Post Trump-election thoughts (Wish I could say post-Trump!)

 

Ok, this is beyond the obvious armageddon thoughts, disownment of the homeland, wishes that –once again, like after the blood-on-his-hands second Bush Jr. election –“Blue America” could just separate itself.

These are just disordered thoughts before I forget them.

“Love Trumps Hate” was kind of a stupid campaign slogan. Of all the qualities Hillary was bringing to the table, who was she kidding with that pitch? So it was a little clever in an obvious, rather unclever way. All you need is love? Please. She could have chosen something tougher, more political-intention driven, like maybe fighting for the working-class at home while maintaining America’s status as a world leader abroad. This was especially inept in view of the kind of voters she needed to bring aboard.

She sunk to Trump’s reality-tv emotional level of appeals. She moved to his terrain from hers, which should have been the relevant one –of policy, leadership and governing.

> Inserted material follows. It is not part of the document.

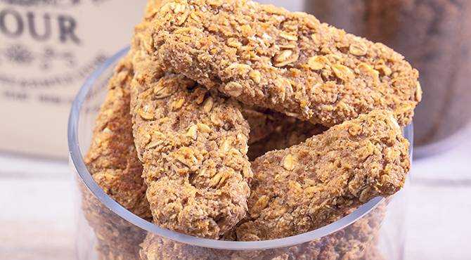 تشكل على شكل مستطيل وتوضع على صينية خبز مبطنة بورق الزبدة، تخبز بحرارة 180 درجة مئوية لـ30-45 دقيقة، اعتماداً على نوع الفرن. تقلب حتى منتصفها بحيث نحصل على قشرة ذهبية لكلا جانبي البسكويت.
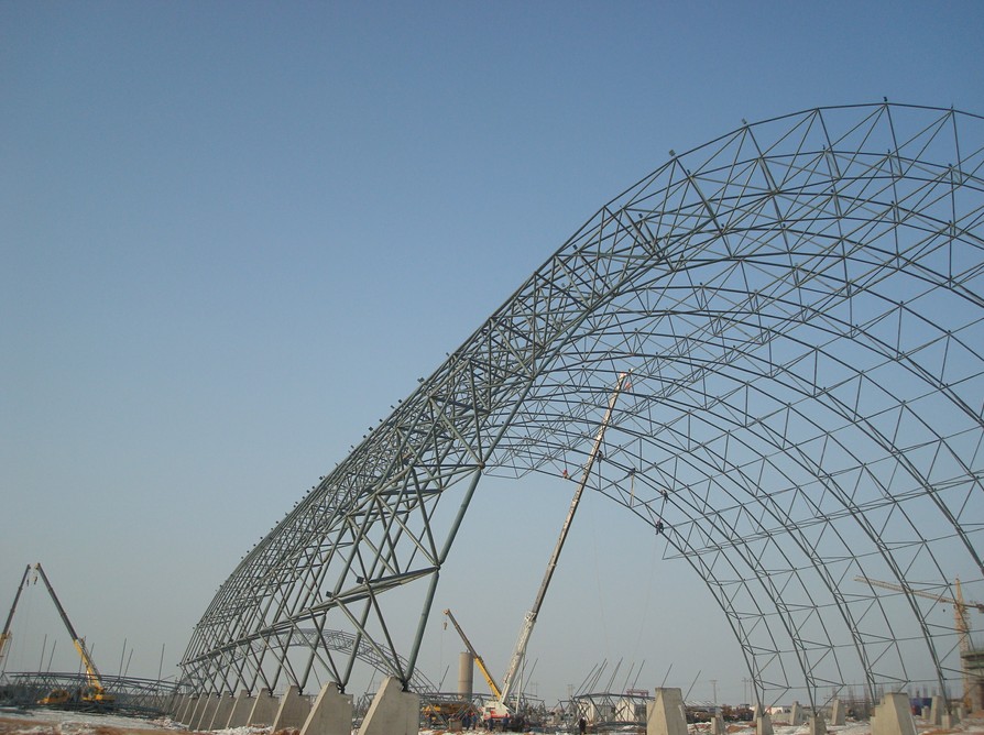 网架由多根杆件按照一定的网络形式通过节点连结而成的空间结构。具有空间受力、重量轻、刚度大、抗震性能好等优点;可用作体育馆、影剧院、展览厅、候车厅、体育场看台雨篷、飞机库、双向大柱网架结构车间等建筑的屋盖。

Adding to her tone-deafness in the final run, parading around with and pop-culture celebs, she set herself firmly on the wrong, the Hollywood, side of the traditional “culture” divide separating dems and repubs. She undoubtedly sent fence-straddlers scurrying to their usual side with the rappers, etc., who don’t seem to represent her very finely anyway.

It”s easy in retrospect to see this as part of a misguided strategy (and what of Hillary’s campaign wasn’t cold stratagem?). Her campaign clearly decided she already had the numbers to win, as long as those numbers got out and actually voted. So she swerved to her base. Allying herself with Beyonce and Lebron felt no less inauthentic than the version of her campaign self during the 2008 democratic primaries when she was slugging back boilermakers and boasting about shooting guns as a little country girl.

That line would probably have served her much better this time round.

I also knew something was amiss when she brought the former Miss America with her for her Florida end run. I mean, a politically-disinterested someone who long ago received some unkind comments from her opponent? Are we gonna have some kind of women’s-tv commiseration fest? I remember thinking “is that all you got?” Is that supposed to lure center-leaning white men who might have a problem with Trump’s flagrant disregard for truth telling and total lack of presidential temperament and preparedness?

Easy to say in retrospect that Hillary was particularly ill suited to run in a year where voters were fed up with the system and its makers. (Though we may never know how much was that compared to straight [no pun] tribalism and bigotry.)

The polling was off. Again, hard to say how much was respondents embarrassed to admit they were voting for Trump versus pollsters underestimating the continued momentum from the FBI’s intervention. It was wishful thinking that the downward spiral had  levelled off. A couple thoughts on that  game changer: First, innuendo works –more even than recorded evidence, like in the many cases of Trump. Second, retractions are less newsworthy or influential. Hard, I guess, to unsee or unhear. Third, isn’t it strange we should even talk about momentum guiding serious decisions like these, and why should that particular “momentum” extend to down-ballot candidates totally uninvolved?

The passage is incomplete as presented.